How can I make this work without using lambda, once I basically want the list elements to be rearrange according to the number that each list element gets defined, per example:

list = [john, peter, olive]
john[2], peter [1] and olive[0]

And I want this to be sorted according to the number printing this:

olive, peter, john

Can´t use "Zip()" function

Answer 1

The easiest solution is to use the operator.itemgetter function

from operator import itemgetter

print(sorted(list, key=itemgetter(1)))

By the way, list is a terrible name for a variable, as it will shadow the list type.

Answer 2

sorted(iterable[, cmp[, key[, reverse]]]) Return a new sorted list from the items in iterable.

The optional arguments cmp, key, and reverse have the same meaning as those for the list.sort() method.

key specifies a function of one argument that is used to extract a comparison key from each list element: key=str.lower.
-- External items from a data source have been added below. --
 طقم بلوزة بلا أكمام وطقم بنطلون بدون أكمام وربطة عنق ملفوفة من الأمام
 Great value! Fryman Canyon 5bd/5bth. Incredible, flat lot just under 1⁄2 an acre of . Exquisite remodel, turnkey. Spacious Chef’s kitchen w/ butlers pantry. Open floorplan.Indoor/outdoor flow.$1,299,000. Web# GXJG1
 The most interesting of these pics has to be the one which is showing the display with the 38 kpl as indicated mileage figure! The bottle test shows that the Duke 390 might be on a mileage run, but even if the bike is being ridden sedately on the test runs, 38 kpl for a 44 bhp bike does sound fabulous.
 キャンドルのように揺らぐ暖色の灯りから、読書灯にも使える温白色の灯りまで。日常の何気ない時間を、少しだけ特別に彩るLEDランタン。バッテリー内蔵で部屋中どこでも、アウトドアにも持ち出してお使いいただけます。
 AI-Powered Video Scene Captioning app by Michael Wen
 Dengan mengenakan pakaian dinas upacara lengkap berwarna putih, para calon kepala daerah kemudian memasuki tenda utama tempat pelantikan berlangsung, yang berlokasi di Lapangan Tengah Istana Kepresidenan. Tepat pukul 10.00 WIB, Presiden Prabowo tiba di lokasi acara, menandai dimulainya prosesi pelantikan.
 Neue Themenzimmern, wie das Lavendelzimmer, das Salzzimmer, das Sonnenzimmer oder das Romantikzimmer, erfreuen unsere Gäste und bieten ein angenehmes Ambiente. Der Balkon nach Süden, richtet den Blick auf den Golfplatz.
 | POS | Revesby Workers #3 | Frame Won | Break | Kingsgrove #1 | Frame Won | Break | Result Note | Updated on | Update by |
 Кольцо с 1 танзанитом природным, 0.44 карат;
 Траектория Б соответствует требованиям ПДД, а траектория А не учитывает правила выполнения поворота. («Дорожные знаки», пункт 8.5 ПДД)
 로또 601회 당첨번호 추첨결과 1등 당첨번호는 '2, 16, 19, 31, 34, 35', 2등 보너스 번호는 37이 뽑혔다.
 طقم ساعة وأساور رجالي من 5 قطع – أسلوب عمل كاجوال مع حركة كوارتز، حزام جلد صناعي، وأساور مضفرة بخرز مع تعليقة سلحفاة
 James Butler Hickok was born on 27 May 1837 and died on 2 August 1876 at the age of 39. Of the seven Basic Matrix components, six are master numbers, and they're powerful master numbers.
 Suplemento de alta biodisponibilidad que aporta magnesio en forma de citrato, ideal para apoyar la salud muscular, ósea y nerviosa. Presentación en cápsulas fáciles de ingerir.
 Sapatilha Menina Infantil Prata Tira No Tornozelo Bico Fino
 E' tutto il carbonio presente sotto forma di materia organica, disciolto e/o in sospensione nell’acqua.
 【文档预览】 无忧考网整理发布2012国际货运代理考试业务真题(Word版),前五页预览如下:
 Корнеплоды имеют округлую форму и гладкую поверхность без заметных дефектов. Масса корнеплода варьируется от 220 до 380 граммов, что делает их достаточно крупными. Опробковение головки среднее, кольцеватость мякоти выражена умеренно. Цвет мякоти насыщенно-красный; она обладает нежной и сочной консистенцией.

The default value is None (compare the elements directly).

key is what you need. Supply it a function that will return a comparison key

def SortBySecondElement(Element):
    return Element[1]

Call sorted method this way

sorted(list, key=SortBySecondElement)

I hope that is what you want.

Answer 3

You can use the decorate-sort-undecorate idiom :

>>> names = ['john', 'peter', 'olive']
>>> order = [2, 1, 0]

>>> decorated = zip(order, names)
>>> decorated
[(2, 'john'), (1, 'peter'), (0, 'olive')]

>>> sorted_decorated = sorted(decorated)
>>> sorted_decorated
[(0, 'olive'), (1, 'peter'), (2, 'john')]

>>> undecorated = zip(*sorted_decorated)[1]
>>> undecorated
('olive', 'peter', 'john')

If you can't use zip:

>>> decorated = [(order[index], names[index]) for index in range(len(order))]

And:

>>> undecorated = [value[1] for value in decorated_sorted]